HERE’S TO BELOW AVERAGE

You don’t generally want to hear “below average.” But in the case of Colorado State University Tropical Meteorology Project’s prediction for the 2019 Atlantic hurricane season, there have been no sweeter words uttered.

This, of course, doesn’t mean we’re safe. The CSU TMP team, which has been considered the gold standard hurricane forecaster (yes, weird for a university in the Rocky Mountains), predicts we’ll see 13 named storms during the Atlantic hurricane season, which begins in just a few days — June 1. But, of those 13, five are expected to become hurricanes, two of them major. As we all know here in the Northeast, one major storm (Sandy) is all it takes to change our lives forever.

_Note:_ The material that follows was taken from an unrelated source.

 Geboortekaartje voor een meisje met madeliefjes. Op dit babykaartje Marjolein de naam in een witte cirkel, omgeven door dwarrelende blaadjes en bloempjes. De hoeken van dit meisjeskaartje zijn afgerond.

Closer to the Atlantic, Penn State’s Earth System Science Center, which is headed up by the father of “the most controversial chart in science,” Michael Mann, is predicting 7-13 storms, ten of those named. Let’s hope the CSU team is more accurate.

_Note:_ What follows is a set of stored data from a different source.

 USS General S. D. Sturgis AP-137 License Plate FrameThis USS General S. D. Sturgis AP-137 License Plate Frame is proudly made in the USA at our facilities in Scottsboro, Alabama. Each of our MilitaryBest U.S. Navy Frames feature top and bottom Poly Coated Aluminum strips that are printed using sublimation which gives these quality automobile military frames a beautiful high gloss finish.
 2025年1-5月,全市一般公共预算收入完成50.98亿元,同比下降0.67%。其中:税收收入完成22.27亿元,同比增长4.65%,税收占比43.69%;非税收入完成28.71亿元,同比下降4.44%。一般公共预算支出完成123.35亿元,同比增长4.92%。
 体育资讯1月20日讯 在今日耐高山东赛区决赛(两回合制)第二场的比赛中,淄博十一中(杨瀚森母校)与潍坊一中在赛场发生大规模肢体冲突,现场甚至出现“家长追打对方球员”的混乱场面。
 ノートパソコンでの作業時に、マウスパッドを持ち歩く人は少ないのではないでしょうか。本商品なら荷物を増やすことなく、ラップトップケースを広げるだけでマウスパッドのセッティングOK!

You know who’s disappointed by “below average”? The Weather Channel and all the other cable news networks that feed like hyenas on major hurricanes. I promise to write another, more in-depth on television news coverage of hurricanes, which drives me madder than the rest of their sensationalism. Luckily, I found some space in my book to write about it, which was deeply satisfying.